Exit Strategy

While determing exit alternatives, it is targeted that the exit will take place in 5 years after overseeing the sustainability and profitability of the investment.

Identified exit goals are listed below;

  • Initial Public Offering:
    An initial public offering is one of the most preferred exit strategies in venture capital investments. When the company reaches the desired magnitude, profitability and performance, an initial public offering might be a very suitable option. SMEs shares may be offered to the public in the Emerging Companies Market (ECM) operating under Borsa Istanbul (BIST).

  • Sales to Strategic Partner:
    This is the most common procedure followed by a public offering. An appropriate partner, after considering the synergy that it shall obtain, can purchase the company adding a premium to the value of the company. This operation establishes a 100% exit for the investors and is a much easier and cheaper exit strategy when compared to a public offering. However, finding the right partner is not always possible. Explaining a company to a strategic partner is usually easier than having to persuade the whole market about the figures of a company. Finding a buyer in some countries can be especially hard. Finally, some companies tend not to opt for this option as they have the fear of losing the majority control of their company.

  • Sales to Financial Partner (to another Venture Capital Fund):
    Venture Capital Funds (VCFs) might desire to sell the company to another VCF or a financial institution. This can be particularly preferred in an environment where initial public offering is unavailable and in the case where no strategic partner is able to be found. It is more likely that the entrepreneur shall remain in the company. Besides, a financial partner can manage the company better and prepare it for the initial public offering. However, in the case where the financial partner cannot achieve a synergy from the partnership they may desire to purchase the company with a lower price than the strategic partner. In addition, the financial partner's will to market/sell the company in the short term might not be found appropriate by the investors.

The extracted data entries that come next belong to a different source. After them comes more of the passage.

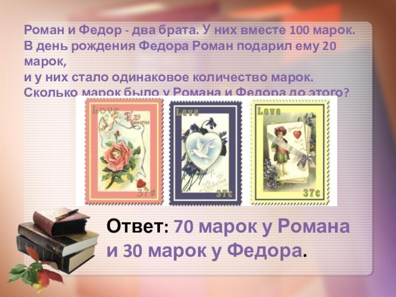 Ответ: 70 марок у Романа и 30 марок у Федора.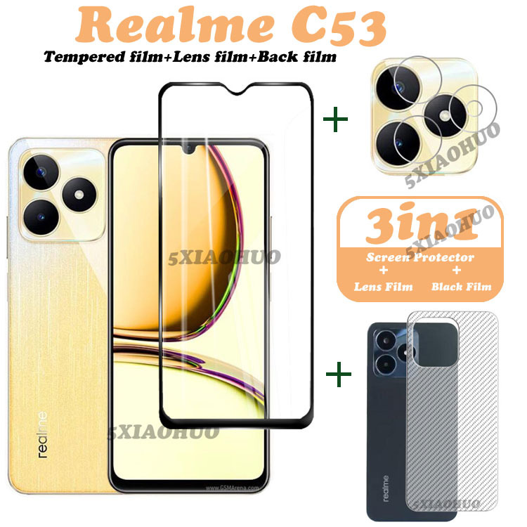 Realme C53 Tempered Glass Realme C53 Screen Protector Realme C55 Camera Lens Protector Full Cover Screen Matte Privacy Glass 3In1 Carbon fiber back film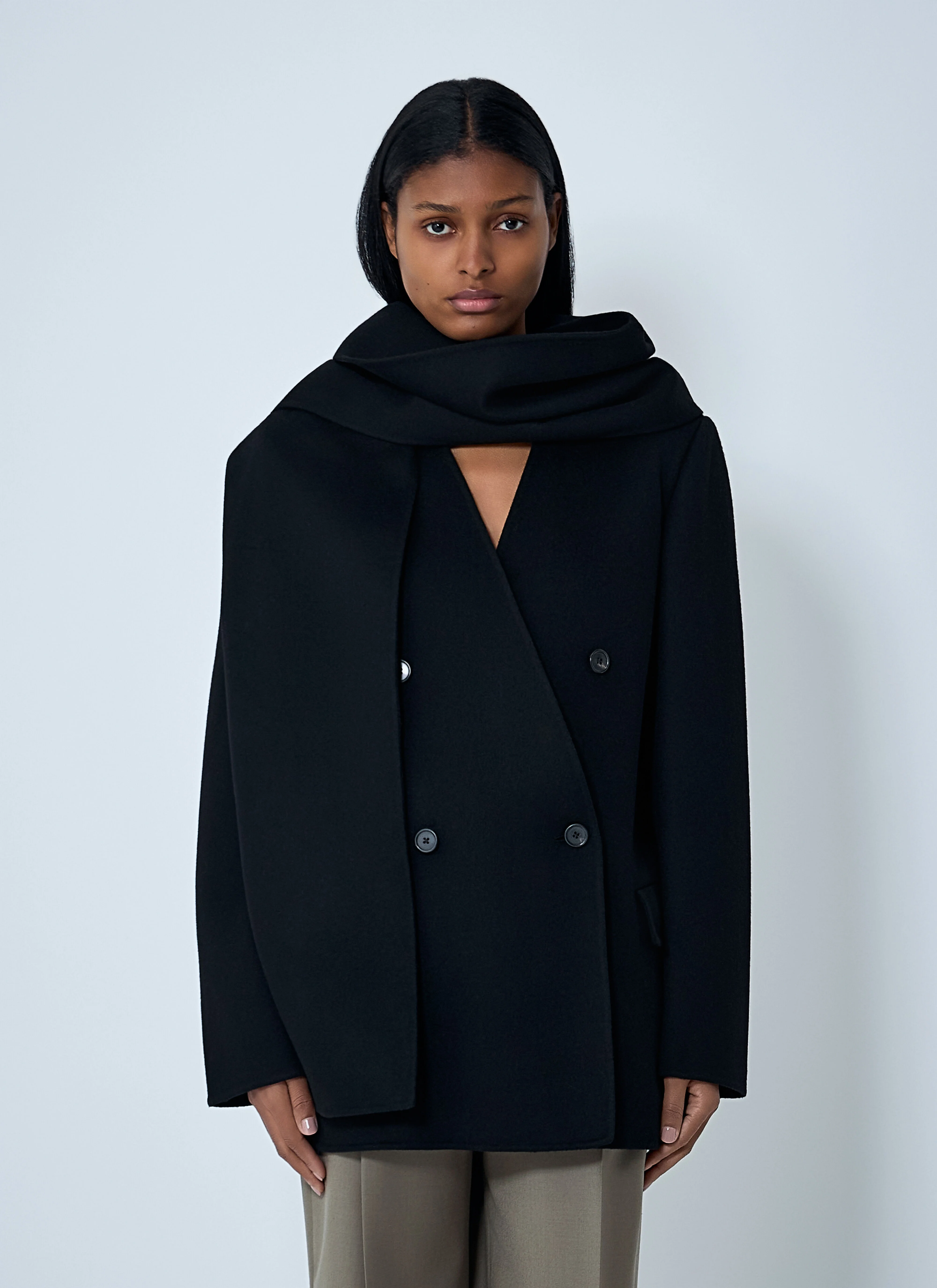 Double-breasted coat in cashmere with integrated scarf. - Notched lapels - Double-breasted button fastening - Long sleeves - Side slip pockets - Integrated scarf detail - 100% Cashmere. Dry clean - Color: Black - Code: 10161 W4025 BLK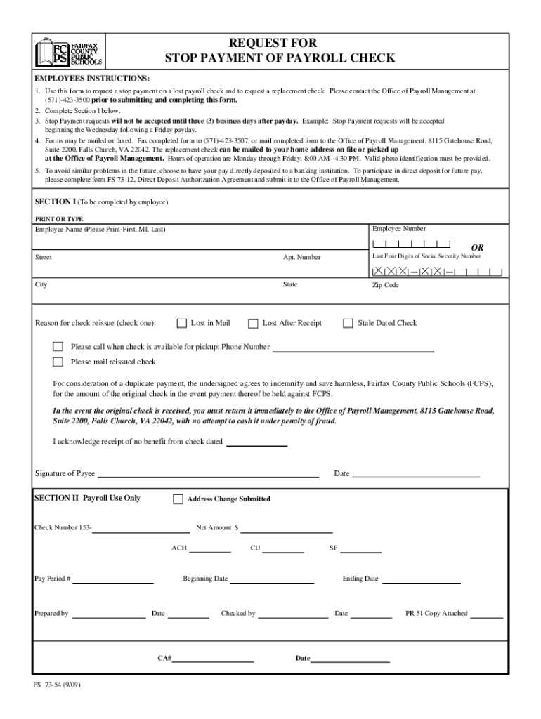 REQUEST FOR STOP PAYMENT OF PAYROLL CHECK EMPLOYEES INSTRUCTIONS: 1. Use this form to request a stop payment on a lost payroll check and to request a replacement check. Please contact the Office of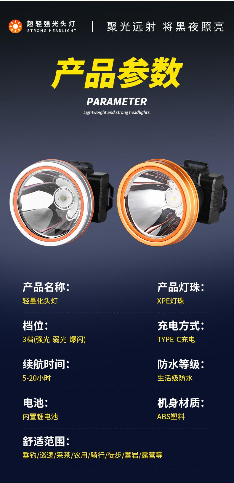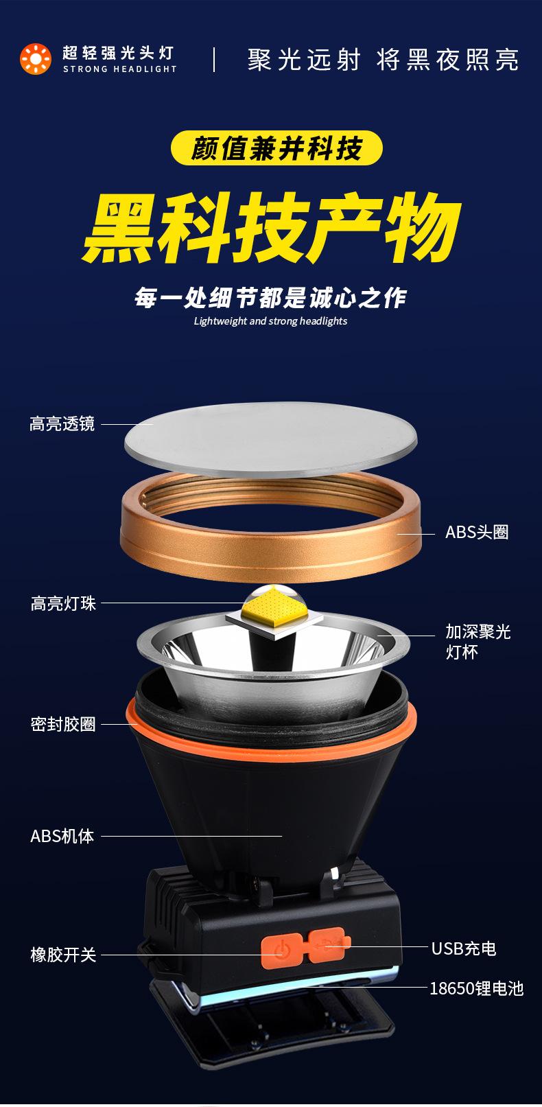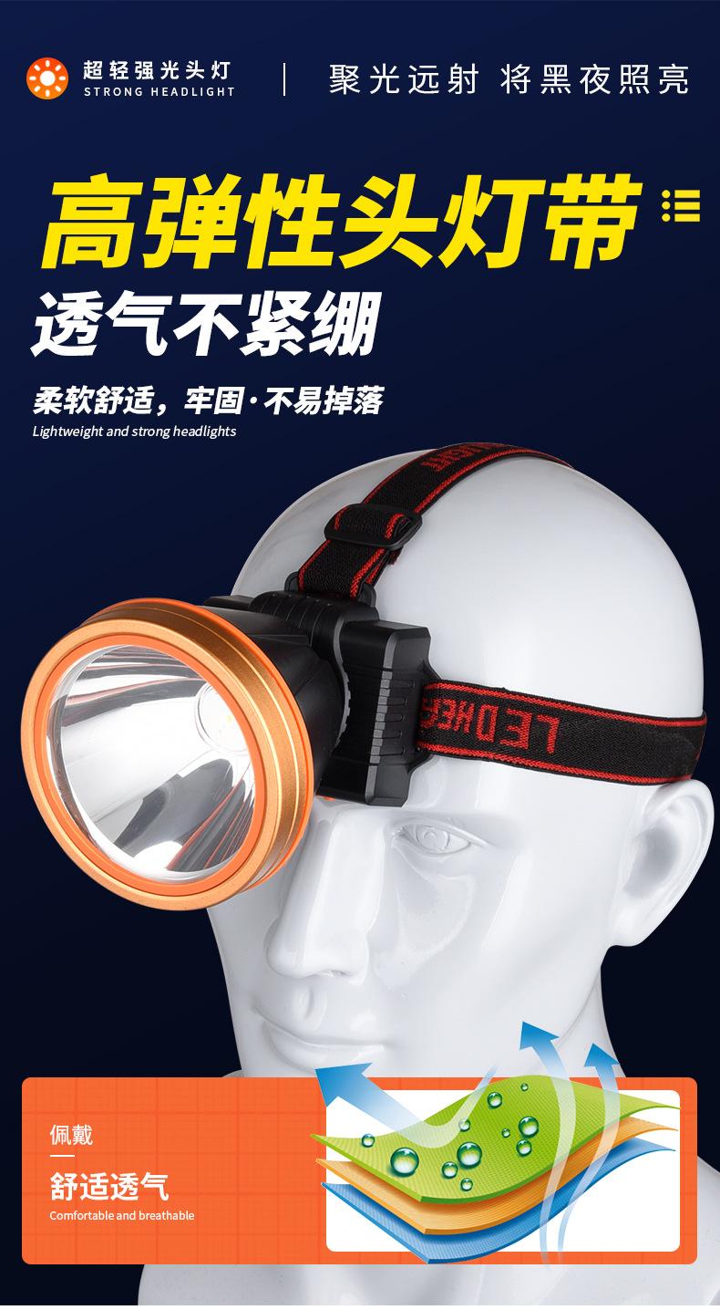 Nuevo Faro LED de Luz Fuerte Luz para Pesca Nocturna al Aire Libre Recargable Batería de Litio Linterna Frontal de Plástico Venta al por Mayor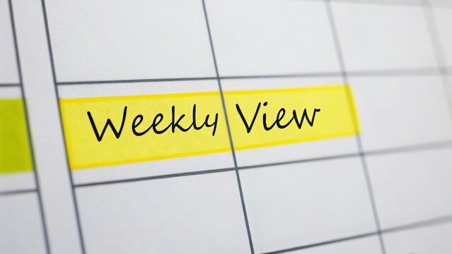 executive time allocation concept. Weekly planner highlighting a "Weekly View" section in yellow.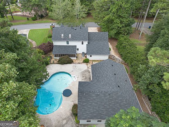 BRAND NEW ROOF BRAND NEW PRICE! WELL KEPT PEACHTREE CITY HOME WITH INGROUND POOL PLUS POOL HOUSE/INLAW SUITE!! Main Home consists of over 2000 square feet including well planned kitchen with loads of custom cabinets! Main floor also includes spacious dining room and living room open to bright and airy screened in porch. BONUS ROOM/4th BEDROOM upstairs along with three more bedrooms. Walk out to your very own HEATED SALT WATER POOL WITH HOT TUB!! This backyard is awesome! Relax, play games, watch tv or entertain in your new 1000+ sf POOL HOUSE!! Complete with Bathroom, Kitchen Area and Open Living Space! This space could easily be utilized as its own stepless IN LAW SUITE! This home has plenty of Garage as well with room for 2 cars plus your own space for a golf cart! There's so much to see. Bring your entire family to see this one! They will love it!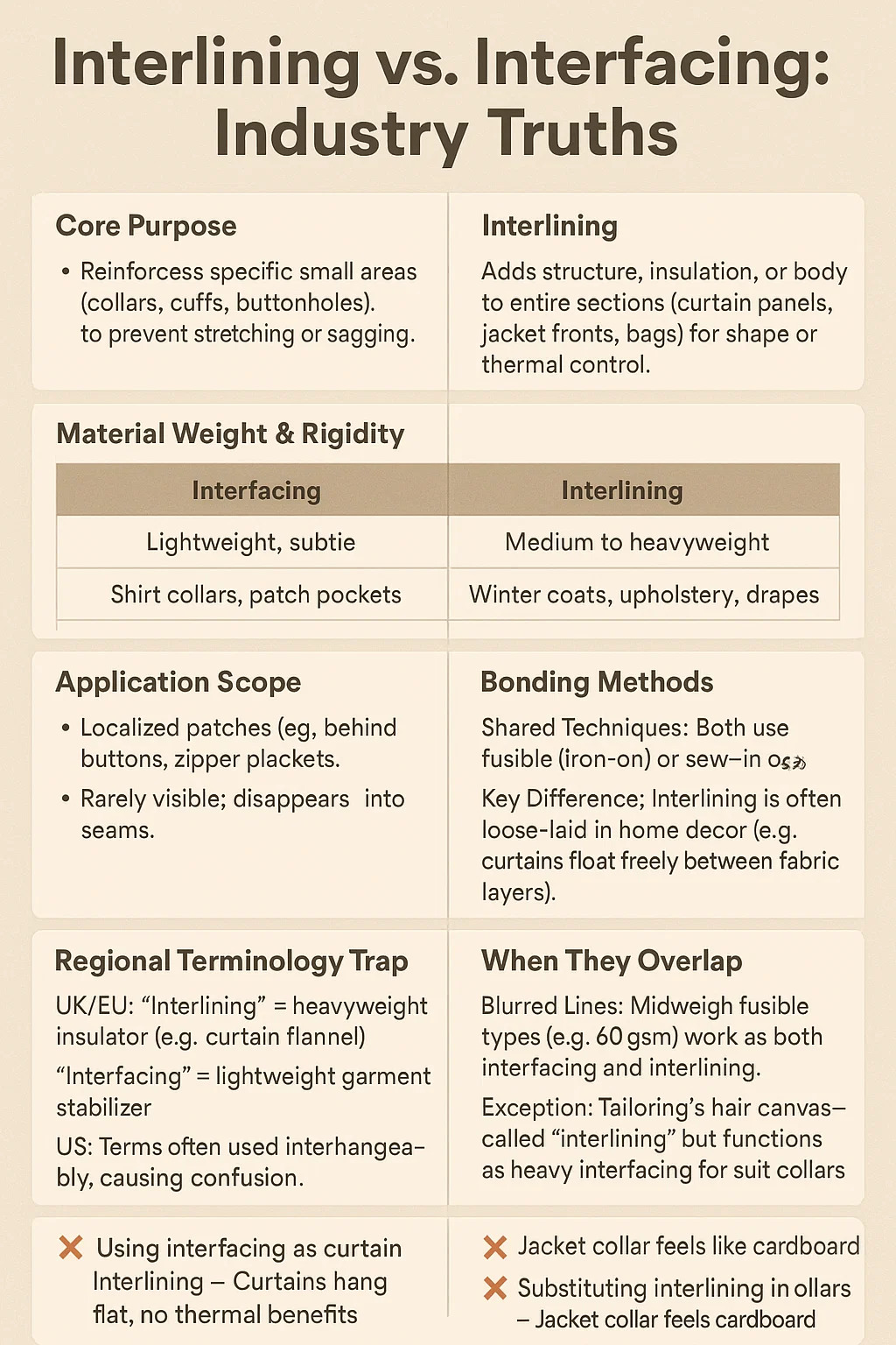 Vương quốc Anh/EU: "Xen kẽ" = chất cách điện nặng (ví dụ: vải flannel rèm). "Giao diện" = chất ổn định quần áo nhẹ.

  • Resale to Company Partners :
    This exit strategy has priority for venture capital funds. Although this procedure is the lowest profitable one when compared to others, KOBI Venture Capital Investment Trust Incorporation, in line with its mission, aims to exit from the investment using this method. This is done at a point where it is believed that the project has reached a specific target. This exit procedure is named as the most difficult sales procedure in the sector. It is difficult because entrepreneurs find it hard to find the adequate financing necessary for the purchase while it is very troublesome to reach an agreement over the value of the company. In the sector, this exit procedure is considered as the sole option to take while exiting from a failed investment.